What you have to do: A verbatim copy of the records below, pictures omitted, is the task.
**********
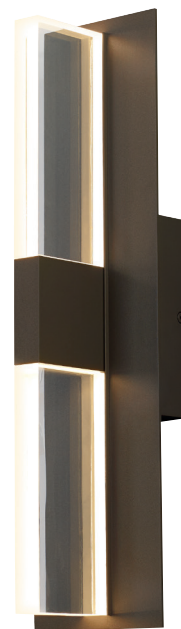
LYFT 18 shown with clear lens, bronze

* Visit techlighting.com for specific warranty limitations and details.
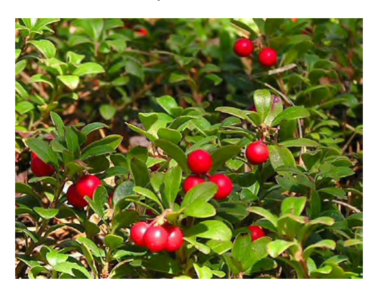
Arctostaphylos uva-ursi , Albany County

Arctostaphylos uva-ursi, Bearberry, is a slow growing, evergreen, mat forming shrub which can reach about 1 foot high but is usually only a few inches high. The leaves are dark green and shiny and often turn bronze or occasionally reddish in fall and winter. The inconspicuous white to pinkish flowers are only about ¼ inch long. The fruits are berry-like and bright red and remain on the plant until the birds get them. The plants occur naturally in moist woods and thickets in the mountains and foothills. It prefers moist but well drained soil and is tolerant of heat. wind, and salt. It does best in shade or part shade. Small plants are easy to transplant and it is easy to propagate from 6 inch stem cuttings in late summer. Trim the leaves from the lower third, dip ends in rooting hormone, and plant the ends 2 inches deep in peat moss and sand in equal parts. Mist regularly. Keeping them in a mostly closed clear plastic container or covering will help retain humidity. Once rooted (generally 6-8 weeks), put in pots of equal parts sand and loamy soil, mulch heavily, and store in a cold area for the winter. Plant out in the spring minimizing disturbance to the roots. It is also available in the nursery trade.
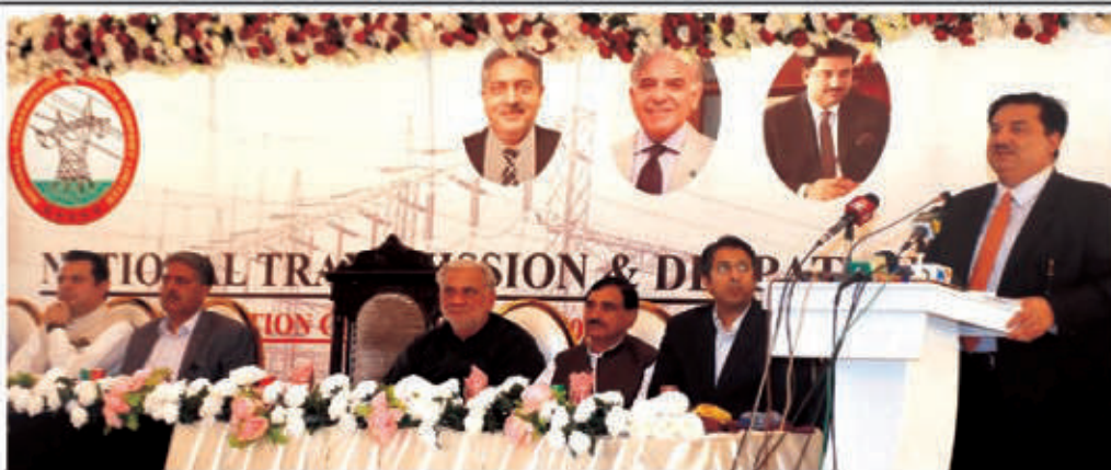
FAISALABAD: Federal Minister for Energy Engr Khurram Dastgir Khan addressing the inaugurating ceremony of 500 KV Grid Station.

"This country needs peace and unity. This population doesn't want to fight anymore." He signaled that Brazil was ready to take its place again on the international stage, after Bolsonaro aligned himself with former US president Donald Trump and took frequent aim at traditional allies.
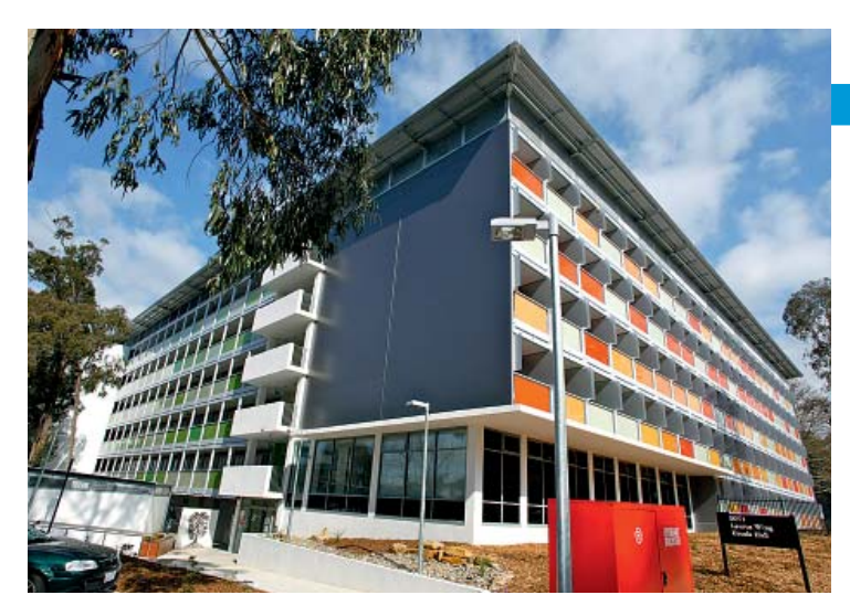
View of the completed Laurus Wing of Ursula Hall at the ANU.
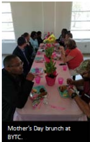
Mother's Day brunch at BYTC.

The women and some of the men showed their support by ensuring no food went to waste; they thoroughly enjoyed the wonderful gesture! In addition to the food, each Mother received a flower courtesy of Youth Opportunity Investments, corporate.
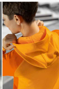
HIGH COLLAR WITH HOOD
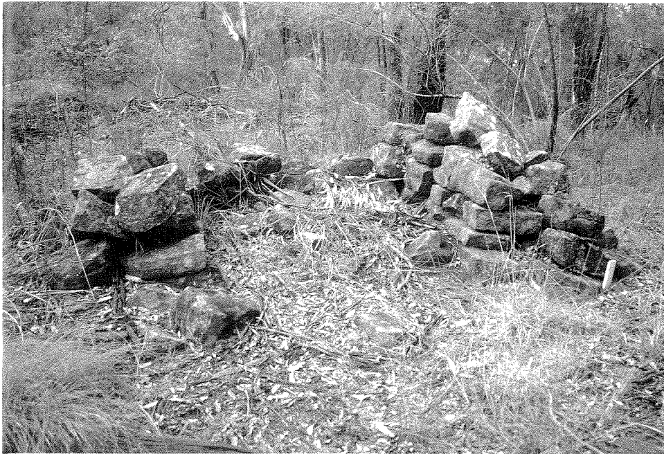
Figure 3. Convict accommodation structure, possibly a fireplace, at the presumed earlier stockade on the descent to Wisemans Ferry (D. Gojak).

individual rebellion and subversion that could survive the archaeological record.
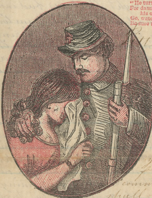
THE GIRL I LEFT BEHIND ME.
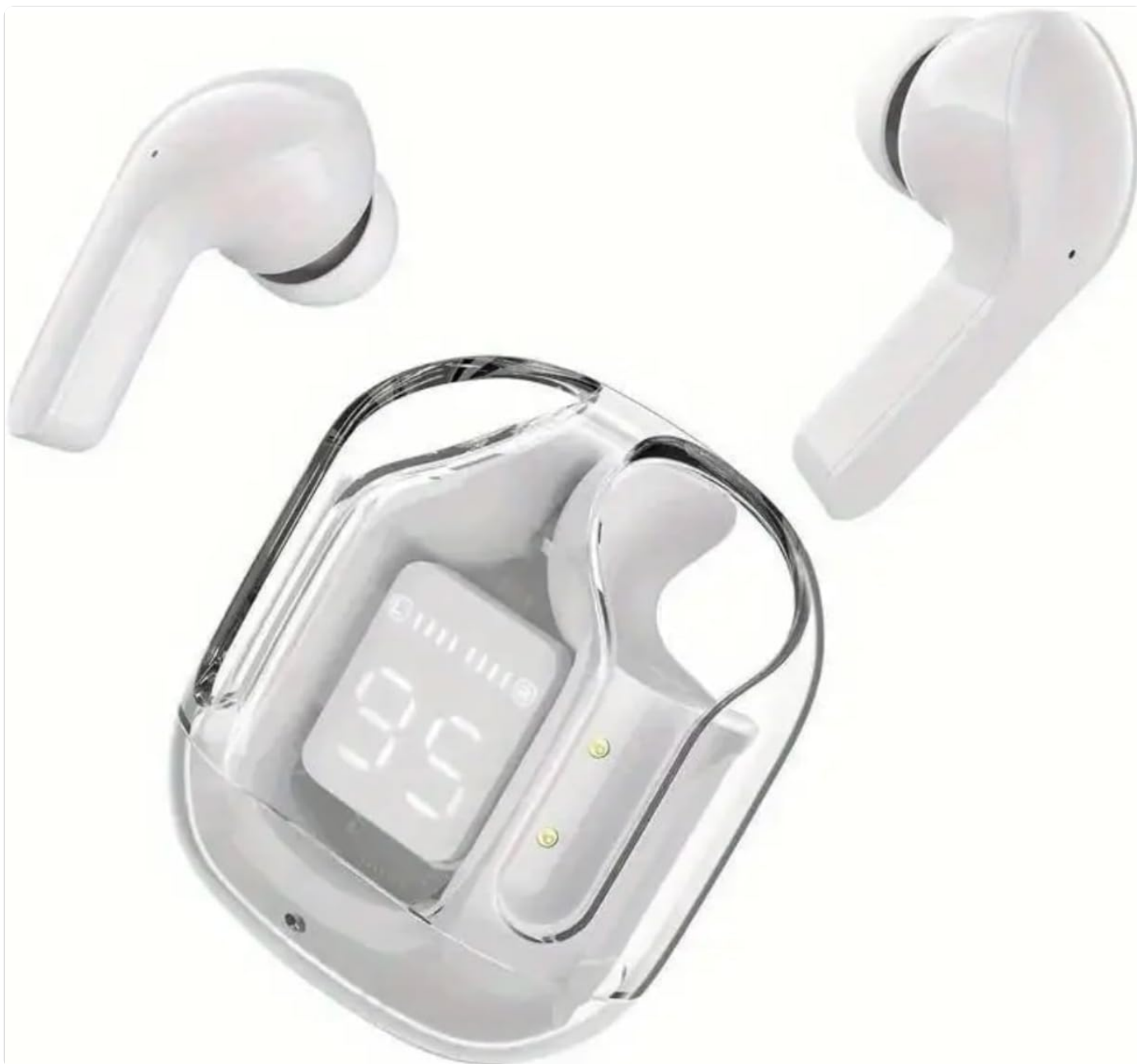
Image: The wireless earbuds, white in color, are shown alongside their transparent charging case. The case features a digital display indicating battery percentage and charging status. The earbuds are designed to fit snugly within the case for charging and storage.
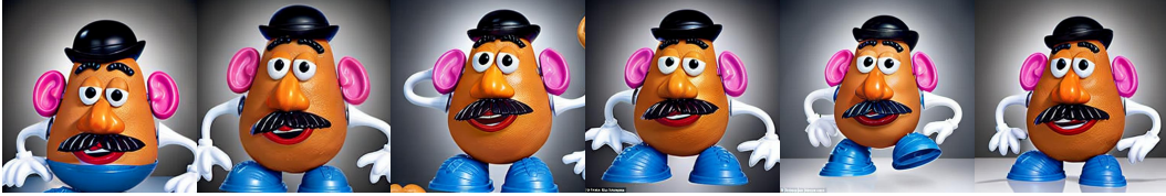
Figure 7: Extension - Personalization. Our method can generate videos with user-specific concepts. The tokens of "ccorgi dog", "modern disney style", and "sks mr potato head" are from their respective personalized models ccorgi-dog, Mo di Diffusion, and Mr Potato Head.
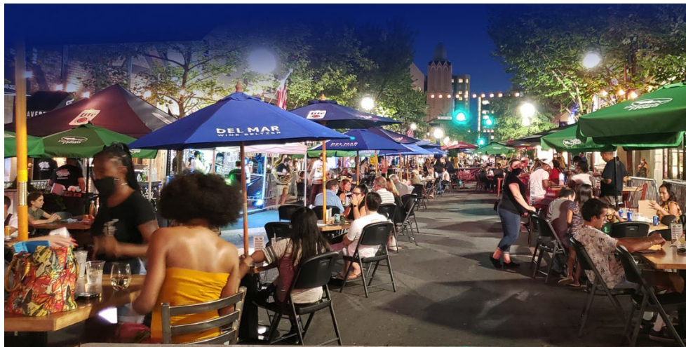
Image 2: Outdoor Dining on George Street during the Covid-19 Pandemic.

Located in the heart of downtown New Brunswick, the Bloustein School is within walking distance of numerous bars, restaurants, and entertainment venues. George Street, one of the main thoroughfares in the city, provides many options for dining and other forms of entertainment.
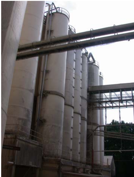
Figure 4.5 The Bulk Flour Storage Silos. These silos hold the mill product until loaded into road tankers.
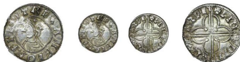
17 Penny, Quatrefoil type, Canterbury, Winedæg, PINEDEE ON CÆNTPI (NC ligulate), 0.93g/9h (cf. BEH 175; N 781; S 1157). Good very fine, scarce £240-300 Provenance: Bt F.J. Rist
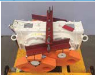
SC3158: HE65 HONERT FL SMIDTH SCREEN EXCITER: Complete with Counterweights & Transport Frame. Condition: Unused
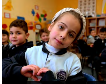
The education of children of all ages is one of the pillars of FFHL's mission in the Holy Land.
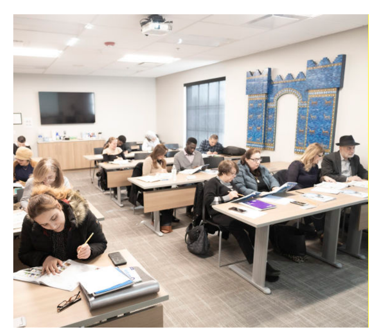
CCF offers four levels of study for adult ESL students.

As part of acculturation, CCF has offered a multitude of classes taking each client in need along the correct path to their success. Having the equivalency of a high school diploma can lead to further education and higher paying job opportunities for clients, changing their lives and leading families to financial stability.
**********
Response area:
LYFT 18 shown with clear lens, bronze

* Visit techlighting.com for specific warranty limitations and details.
Arctostaphylos uva-ursi , Albany County

Arctostaphylos uva-ursi, Bearberry, is a slow growing, evergreen, mat forming shrub which can reach about 1 foot high but is usually only a few inches high. The leaves are dark green and shiny and often turn bronze or occasionally reddish in fall and winter. The inconspicuous white to pinkish flowers are only about ¼ inch long. The fruits are berry-like and bright red and remain on the plant until the birds get them. The plants occur naturally in moist woods and thickets in the mountains and foothills. It prefers moist but well drained soil and is tolerant of heat. wind, and salt. It does best in shade or part shade. Small plants are easy to transplant and it is easy to propagate from 6 inch stem cuttings in late summer. Trim the leaves from the lower third, dip ends in rooting hormone, and plant the ends 2 inches deep in peat moss and sand in equal parts. Mist regularly. Keeping them in a mostly closed clear plastic container or covering will help retain humidity. Once rooted (generally 6-8 weeks), put in pots of equal parts sand and loamy soil, mulch heavily, and store in a cold area for the winter. Plant out in the spring minimizing disturbance to the roots. It is also available in the nursery trade.
FAISALABAD: Federal Minister for Energy Engr Khurram Dastgir Khan addressing the inaugurating ceremony of 500 KV Grid Station.

"This country needs peace and unity. This population doesn't want to fight anymore." He signaled that Brazil was ready to take its place again on the international stage, after Bolsonaro aligned himself with former US president Donald Trump and took frequent aim at traditional allies.
View of the completed Laurus Wing of Ursula Hall at the ANU.
Mother's Day brunch at BYTC.

The women and some of the men showed their support by ensuring no food went to waste; they thoroughly enjoyed the wonderful gesture! In addition to the food, each Mother received a flower courtesy of Youth Opportunity Investments, corporate.
HIGH COLLAR WITH HOOD
Figure 3. Convict accommodation structure, possibly a fireplace, at the presumed earlier stockade on the descent to Wisemans Ferry (D. Gojak).

individual rebellion and subversion that could survive the archaeological record.
THE GIRL I LEFT BEHIND ME.
Image: The wireless earbuds, white in color, are shown alongside their transparent charging case. The case features a digital display indicating battery percentage and charging status. The earbuds are designed to fit snugly within the case for charging and storage.
Figure 7: Extension - Personalization. Our method can generate videos with user-specific concepts. The tokens of "ccorgi dog", "modern disney style", and "sks mr potato head" are from their respective personalized models ccorgi-dog, Mo di Diffusion, and Mr Potato Head.
Image 2: Outdoor Dining on George Street during the Covid-19 Pandemic.

Located in the heart of downtown New Brunswick, the Bloustein School is within walking distance of numerous bars, restaurants, and entertainment venues. George Street, one of the main thoroughfares in the city, provides many options for dining and other forms of entertainment.
Figure 4.5 The Bulk Flour Storage Silos. These silos hold the mill product until loaded into road tankers.
17 Penny, Quatrefoil type, Canterbury, Winedæg, PINEDEE ON CÆNTPI (NC ligulate), 0.93g/9h (cf. BEH 175; N 781; S 1157). Good very fine, scarce £240-300 Provenance: Bt F.J. Rist
SC3158: HE65 HONERT FL SMIDTH SCREEN EXCITER: Complete with Counterweights & Transport Frame. Condition: Unused
The education of children of all ages is one of the pillars of FFHL's mission in the Holy Land.
CCF offers four levels of study for adult ESL students.

As part of acculturation, CCF has offered a multitude of classes taking each client in need along the correct path to their success. Having the equivalency of a high school diploma can lead to further education and higher paying job opportunities for clients, changing their lives and leading families to financial stability.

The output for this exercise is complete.